↓
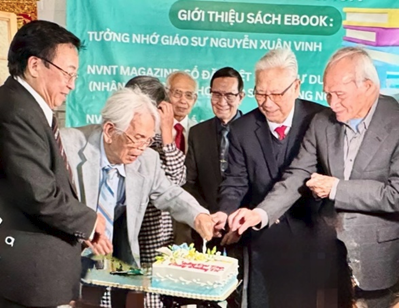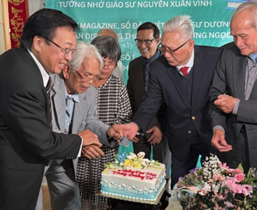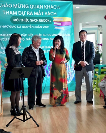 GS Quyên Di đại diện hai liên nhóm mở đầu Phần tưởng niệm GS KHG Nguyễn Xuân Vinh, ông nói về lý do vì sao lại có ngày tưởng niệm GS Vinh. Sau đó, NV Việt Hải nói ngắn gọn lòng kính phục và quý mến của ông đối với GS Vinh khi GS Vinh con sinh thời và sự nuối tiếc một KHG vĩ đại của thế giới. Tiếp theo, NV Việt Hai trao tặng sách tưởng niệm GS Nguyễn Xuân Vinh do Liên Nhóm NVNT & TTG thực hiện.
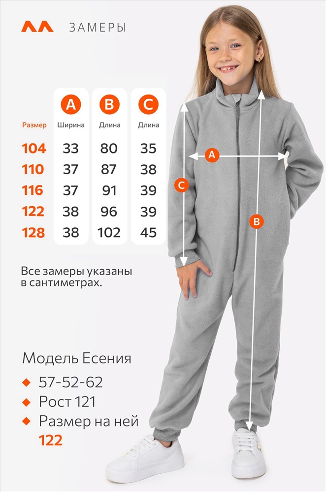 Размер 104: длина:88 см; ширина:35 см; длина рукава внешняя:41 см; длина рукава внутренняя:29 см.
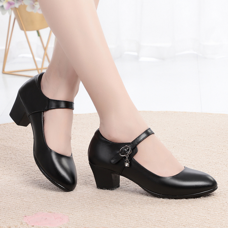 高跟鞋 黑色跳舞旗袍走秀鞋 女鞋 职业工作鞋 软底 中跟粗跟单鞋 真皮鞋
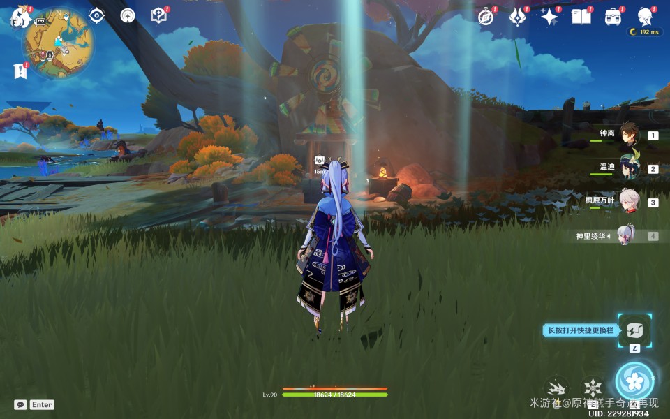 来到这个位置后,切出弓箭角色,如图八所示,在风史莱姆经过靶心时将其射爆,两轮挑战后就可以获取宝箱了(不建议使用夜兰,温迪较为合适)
↑
↓
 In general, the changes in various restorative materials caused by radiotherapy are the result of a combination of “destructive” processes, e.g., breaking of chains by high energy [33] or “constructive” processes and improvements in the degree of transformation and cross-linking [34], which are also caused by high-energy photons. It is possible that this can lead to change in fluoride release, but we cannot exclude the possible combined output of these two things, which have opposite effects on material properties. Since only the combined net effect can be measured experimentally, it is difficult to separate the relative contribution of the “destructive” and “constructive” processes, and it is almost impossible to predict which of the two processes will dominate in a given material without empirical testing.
↑
↓
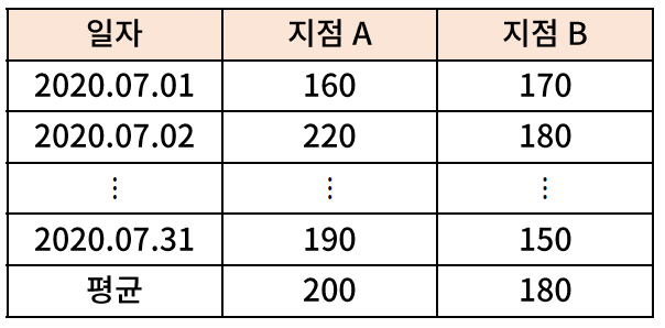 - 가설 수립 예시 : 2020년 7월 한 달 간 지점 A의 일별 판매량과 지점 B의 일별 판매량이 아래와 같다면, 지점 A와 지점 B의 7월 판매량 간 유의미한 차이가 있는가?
↑
_Instructions for the task_
Copy exactly the part of the material above that opens with the line containing "GS Quyên Di" and closes with the line containing "来到这个位置后,切出弓箭角色", ends included. Drop the images.

_Solution_
 GS Quyên Di đại diện hai liên nhóm mở đầu Phần tưởng niệm GS KHG Nguyễn Xuân Vinh, ông nói về lý do vì sao lại có ngày tưởng niệm GS Vinh. Sau đó, NV Việt Hải nói ngắn gọn lòng kính phục và quý mến của ông đối với GS Vinh khi GS Vinh con sinh thời và sự nuối tiếc một KHG vĩ đại của thế giới. Tiếp theo, NV Việt Hai trao tặng sách tưởng niệm GS Nguyễn Xuân Vinh do Liên Nhóm NVNT & TTG thực hiện.
 Размер 104: длина:88 см; ширина:35 см; длина рукава внешняя:41 см; длина рукава внутренняя:29 см.
 高跟鞋 黑色跳舞旗袍走秀鞋 女鞋 职业工作鞋 软底 中跟粗跟单鞋 真皮鞋
 来到这个位置后,切出弓箭角色,如图八所示,在风史莱姆经过靶心时将其射爆,两轮挑战后就可以获取宝箱了(不建议使用夜兰,温迪较为合适)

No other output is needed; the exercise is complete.